● **BRIEF**
The entries below contain a stretch that opens with the line containing "The collaborative session" and closes with the line containing "З 20 грудня"; set down that stretch exactly, both ends included, and nothing else.

● **MATERIAL TO PROCESS**
-- Opening Marker --
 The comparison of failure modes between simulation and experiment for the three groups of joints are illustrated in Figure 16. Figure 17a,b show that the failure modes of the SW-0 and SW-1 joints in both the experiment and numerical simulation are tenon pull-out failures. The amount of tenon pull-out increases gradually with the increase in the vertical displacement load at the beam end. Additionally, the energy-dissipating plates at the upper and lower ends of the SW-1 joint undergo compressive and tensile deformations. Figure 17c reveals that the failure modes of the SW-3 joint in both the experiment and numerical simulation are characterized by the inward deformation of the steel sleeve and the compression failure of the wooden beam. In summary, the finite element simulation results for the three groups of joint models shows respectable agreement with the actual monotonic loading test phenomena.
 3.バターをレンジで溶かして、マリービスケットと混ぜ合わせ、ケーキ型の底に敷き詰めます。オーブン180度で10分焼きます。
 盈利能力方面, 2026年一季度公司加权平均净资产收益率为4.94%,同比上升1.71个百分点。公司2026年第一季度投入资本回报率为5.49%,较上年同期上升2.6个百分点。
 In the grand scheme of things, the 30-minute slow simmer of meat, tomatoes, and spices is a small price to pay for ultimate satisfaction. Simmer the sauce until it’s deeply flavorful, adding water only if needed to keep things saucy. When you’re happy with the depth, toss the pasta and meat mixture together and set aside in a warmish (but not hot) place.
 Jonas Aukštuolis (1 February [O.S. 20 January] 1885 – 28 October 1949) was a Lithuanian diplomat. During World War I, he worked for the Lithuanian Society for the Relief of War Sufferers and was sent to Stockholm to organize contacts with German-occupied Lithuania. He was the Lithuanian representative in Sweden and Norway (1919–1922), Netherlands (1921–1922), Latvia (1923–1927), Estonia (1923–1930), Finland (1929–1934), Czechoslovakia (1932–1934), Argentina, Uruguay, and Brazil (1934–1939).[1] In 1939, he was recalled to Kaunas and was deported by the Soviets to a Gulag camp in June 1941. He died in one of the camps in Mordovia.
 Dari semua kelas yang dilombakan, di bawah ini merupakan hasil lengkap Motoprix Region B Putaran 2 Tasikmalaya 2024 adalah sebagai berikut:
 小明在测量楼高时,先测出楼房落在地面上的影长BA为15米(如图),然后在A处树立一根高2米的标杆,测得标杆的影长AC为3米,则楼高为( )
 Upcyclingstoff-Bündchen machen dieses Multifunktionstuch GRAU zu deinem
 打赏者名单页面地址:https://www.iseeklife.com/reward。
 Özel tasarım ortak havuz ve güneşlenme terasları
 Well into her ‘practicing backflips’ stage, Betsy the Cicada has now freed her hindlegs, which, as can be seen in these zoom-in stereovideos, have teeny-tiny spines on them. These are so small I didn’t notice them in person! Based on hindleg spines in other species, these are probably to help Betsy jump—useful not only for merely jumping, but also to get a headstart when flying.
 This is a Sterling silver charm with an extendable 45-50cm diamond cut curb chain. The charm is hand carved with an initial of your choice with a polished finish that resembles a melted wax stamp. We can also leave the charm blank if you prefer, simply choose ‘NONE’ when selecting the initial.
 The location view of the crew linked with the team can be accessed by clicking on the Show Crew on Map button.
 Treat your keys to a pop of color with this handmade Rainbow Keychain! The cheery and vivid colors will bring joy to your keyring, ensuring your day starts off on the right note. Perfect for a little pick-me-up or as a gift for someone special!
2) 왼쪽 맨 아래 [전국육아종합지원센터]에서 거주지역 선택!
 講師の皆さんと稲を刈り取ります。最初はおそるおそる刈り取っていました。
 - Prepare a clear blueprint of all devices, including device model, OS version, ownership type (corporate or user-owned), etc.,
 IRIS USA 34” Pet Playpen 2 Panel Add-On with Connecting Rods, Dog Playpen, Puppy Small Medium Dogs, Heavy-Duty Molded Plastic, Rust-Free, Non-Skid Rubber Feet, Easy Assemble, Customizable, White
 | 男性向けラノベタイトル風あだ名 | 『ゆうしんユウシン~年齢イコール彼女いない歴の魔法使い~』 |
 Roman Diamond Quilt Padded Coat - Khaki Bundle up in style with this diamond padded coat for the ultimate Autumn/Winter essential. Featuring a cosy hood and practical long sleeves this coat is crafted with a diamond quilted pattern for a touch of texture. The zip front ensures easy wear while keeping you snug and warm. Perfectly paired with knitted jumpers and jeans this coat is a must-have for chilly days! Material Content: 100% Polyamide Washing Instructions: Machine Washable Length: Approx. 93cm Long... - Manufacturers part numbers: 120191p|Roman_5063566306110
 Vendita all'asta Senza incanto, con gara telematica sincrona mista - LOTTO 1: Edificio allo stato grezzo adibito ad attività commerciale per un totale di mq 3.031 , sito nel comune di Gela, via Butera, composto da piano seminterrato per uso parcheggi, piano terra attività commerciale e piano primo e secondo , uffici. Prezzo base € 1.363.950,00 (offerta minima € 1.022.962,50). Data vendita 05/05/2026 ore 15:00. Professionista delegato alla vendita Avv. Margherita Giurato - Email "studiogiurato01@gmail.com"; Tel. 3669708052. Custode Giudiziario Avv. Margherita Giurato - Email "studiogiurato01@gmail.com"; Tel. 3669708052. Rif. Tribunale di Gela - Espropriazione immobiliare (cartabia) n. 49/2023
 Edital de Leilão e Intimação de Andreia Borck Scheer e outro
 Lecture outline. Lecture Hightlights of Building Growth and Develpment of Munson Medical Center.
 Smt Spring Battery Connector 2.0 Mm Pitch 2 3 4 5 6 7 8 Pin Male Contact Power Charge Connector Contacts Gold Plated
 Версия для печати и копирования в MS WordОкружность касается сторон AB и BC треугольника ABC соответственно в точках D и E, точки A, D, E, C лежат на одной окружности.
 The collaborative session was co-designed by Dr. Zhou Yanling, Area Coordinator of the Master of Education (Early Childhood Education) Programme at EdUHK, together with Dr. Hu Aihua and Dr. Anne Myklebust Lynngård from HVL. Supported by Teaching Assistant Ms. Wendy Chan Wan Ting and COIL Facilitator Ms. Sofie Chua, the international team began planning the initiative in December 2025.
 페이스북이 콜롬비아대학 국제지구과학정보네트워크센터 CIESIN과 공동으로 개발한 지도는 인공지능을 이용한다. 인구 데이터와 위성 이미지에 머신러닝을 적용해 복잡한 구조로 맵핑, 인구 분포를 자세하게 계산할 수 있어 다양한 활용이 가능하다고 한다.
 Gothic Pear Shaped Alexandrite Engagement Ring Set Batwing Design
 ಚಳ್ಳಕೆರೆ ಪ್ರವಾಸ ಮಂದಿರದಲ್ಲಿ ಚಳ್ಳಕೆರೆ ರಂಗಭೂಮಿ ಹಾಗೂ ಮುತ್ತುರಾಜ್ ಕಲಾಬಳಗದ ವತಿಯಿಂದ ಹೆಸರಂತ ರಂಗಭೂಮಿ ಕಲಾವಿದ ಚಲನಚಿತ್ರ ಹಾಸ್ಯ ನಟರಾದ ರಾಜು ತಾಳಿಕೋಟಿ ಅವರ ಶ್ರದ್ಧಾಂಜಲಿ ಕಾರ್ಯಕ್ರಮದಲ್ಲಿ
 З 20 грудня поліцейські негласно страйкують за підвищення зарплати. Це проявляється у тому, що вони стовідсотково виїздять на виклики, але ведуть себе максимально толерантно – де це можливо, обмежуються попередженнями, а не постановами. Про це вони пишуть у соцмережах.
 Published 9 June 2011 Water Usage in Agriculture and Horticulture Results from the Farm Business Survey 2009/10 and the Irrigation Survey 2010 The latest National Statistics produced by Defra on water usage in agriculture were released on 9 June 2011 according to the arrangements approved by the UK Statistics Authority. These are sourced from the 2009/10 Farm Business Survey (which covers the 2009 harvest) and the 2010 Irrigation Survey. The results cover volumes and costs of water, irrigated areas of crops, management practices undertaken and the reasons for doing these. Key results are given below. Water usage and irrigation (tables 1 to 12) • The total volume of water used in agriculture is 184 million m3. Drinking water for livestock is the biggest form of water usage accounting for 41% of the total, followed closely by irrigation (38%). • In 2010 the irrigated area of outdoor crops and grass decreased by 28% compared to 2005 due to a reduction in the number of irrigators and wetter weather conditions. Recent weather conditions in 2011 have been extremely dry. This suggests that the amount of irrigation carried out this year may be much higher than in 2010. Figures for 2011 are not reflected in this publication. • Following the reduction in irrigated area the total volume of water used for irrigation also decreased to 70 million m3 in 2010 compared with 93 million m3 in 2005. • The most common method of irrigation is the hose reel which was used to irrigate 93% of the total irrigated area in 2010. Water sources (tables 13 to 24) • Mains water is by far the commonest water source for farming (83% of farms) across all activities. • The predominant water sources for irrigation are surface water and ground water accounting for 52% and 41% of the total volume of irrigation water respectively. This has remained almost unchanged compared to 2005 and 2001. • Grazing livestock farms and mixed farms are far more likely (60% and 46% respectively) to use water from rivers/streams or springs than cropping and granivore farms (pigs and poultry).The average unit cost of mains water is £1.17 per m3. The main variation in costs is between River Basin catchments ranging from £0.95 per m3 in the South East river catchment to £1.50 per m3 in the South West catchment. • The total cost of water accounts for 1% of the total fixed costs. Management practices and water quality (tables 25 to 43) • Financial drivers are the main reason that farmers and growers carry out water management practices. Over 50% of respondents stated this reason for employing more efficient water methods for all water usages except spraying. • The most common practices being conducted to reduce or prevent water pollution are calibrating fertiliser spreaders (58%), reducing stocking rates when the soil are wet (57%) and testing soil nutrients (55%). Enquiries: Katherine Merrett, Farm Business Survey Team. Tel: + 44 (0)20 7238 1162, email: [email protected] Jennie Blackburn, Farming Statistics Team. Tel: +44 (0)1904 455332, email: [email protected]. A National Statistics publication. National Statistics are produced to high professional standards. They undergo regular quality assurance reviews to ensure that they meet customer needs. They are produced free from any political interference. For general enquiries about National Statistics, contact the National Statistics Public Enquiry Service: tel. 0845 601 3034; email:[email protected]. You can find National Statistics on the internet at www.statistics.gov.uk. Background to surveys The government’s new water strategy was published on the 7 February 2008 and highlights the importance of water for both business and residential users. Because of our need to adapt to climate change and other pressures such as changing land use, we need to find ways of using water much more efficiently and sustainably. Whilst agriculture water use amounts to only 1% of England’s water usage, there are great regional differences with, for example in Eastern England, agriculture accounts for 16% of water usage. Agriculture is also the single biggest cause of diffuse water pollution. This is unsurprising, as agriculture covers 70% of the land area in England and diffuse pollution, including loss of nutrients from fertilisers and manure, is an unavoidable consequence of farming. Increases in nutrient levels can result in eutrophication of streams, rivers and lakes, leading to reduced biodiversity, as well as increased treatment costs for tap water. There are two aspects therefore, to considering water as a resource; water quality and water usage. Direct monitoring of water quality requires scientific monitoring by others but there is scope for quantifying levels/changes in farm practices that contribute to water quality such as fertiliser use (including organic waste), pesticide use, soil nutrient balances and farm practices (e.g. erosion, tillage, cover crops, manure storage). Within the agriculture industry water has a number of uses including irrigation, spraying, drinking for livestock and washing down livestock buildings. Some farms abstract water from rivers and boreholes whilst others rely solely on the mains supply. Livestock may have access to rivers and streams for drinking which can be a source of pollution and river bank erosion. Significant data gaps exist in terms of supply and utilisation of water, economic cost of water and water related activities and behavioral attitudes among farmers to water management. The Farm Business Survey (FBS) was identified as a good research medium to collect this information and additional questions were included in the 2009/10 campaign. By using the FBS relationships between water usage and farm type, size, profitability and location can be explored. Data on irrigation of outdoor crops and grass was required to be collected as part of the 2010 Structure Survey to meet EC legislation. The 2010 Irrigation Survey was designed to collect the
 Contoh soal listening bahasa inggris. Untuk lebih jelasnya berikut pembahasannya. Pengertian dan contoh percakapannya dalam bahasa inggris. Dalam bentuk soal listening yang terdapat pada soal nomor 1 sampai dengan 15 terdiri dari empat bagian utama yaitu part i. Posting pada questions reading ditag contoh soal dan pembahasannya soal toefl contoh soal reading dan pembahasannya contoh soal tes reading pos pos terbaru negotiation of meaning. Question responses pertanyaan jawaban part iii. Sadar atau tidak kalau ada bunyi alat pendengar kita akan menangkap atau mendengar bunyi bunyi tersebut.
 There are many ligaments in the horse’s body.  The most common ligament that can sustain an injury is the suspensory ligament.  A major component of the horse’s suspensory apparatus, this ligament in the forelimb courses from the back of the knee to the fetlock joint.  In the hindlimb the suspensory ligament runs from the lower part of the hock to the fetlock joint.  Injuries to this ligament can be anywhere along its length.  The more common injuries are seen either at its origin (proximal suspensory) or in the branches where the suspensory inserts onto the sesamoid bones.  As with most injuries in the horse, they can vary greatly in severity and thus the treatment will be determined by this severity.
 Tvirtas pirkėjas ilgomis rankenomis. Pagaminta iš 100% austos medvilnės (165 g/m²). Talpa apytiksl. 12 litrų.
-- Closing Marker --
● **YOUR SOLUTION**
 The collaborative session was co-designed by Dr. Zhou Yanling, Area Coordinator of the Master of Education (Early Childhood Education) Programme at EdUHK, together with Dr. Hu Aihua and Dr. Anne Myklebust Lynngård from HVL. Supported by Teaching Assistant Ms. Wendy Chan Wan Ting and COIL Facilitator Ms. Sofie Chua, the international team began planning the initiative in December 2025.
 페이스북이 콜롬비아대학 국제지구과학정보네트워크센터 CIESIN과 공동으로 개발한 지도는 인공지능을 이용한다. 인구 데이터와 위성 이미지에 머신러닝을 적용해 복잡한 구조로 맵핑, 인구 분포를 자세하게 계산할 수 있어 다양한 활용이 가능하다고 한다.
 Gothic Pear Shaped Alexandrite Engagement Ring Set Batwing Design
 ಚಳ್ಳಕೆರೆ ಪ್ರವಾಸ ಮಂದಿರದಲ್ಲಿ ಚಳ್ಳಕೆರೆ ರಂಗಭೂಮಿ ಹಾಗೂ ಮುತ್ತುರಾಜ್ ಕಲಾಬಳಗದ ವತಿಯಿಂದ ಹೆಸರಂತ ರಂಗಭೂಮಿ ಕಲಾವಿದ ಚಲನಚಿತ್ರ ಹಾಸ್ಯ ನಟರಾದ ರಾಜು ತಾಳಿಕೋಟಿ ಅವರ ಶ್ರದ್ಧಾಂಜಲಿ ಕಾರ್ಯಕ್ರಮದಲ್ಲಿ
 З 20 грудня поліцейські негласно страйкують за підвищення зарплати. Це проявляється у тому, що вони стовідсотково виїздять на виклики, але ведуть себе максимально толерантно – де це можливо, обмежуються попередженнями, а не постановами. Про це вони пишуть у соцмережах.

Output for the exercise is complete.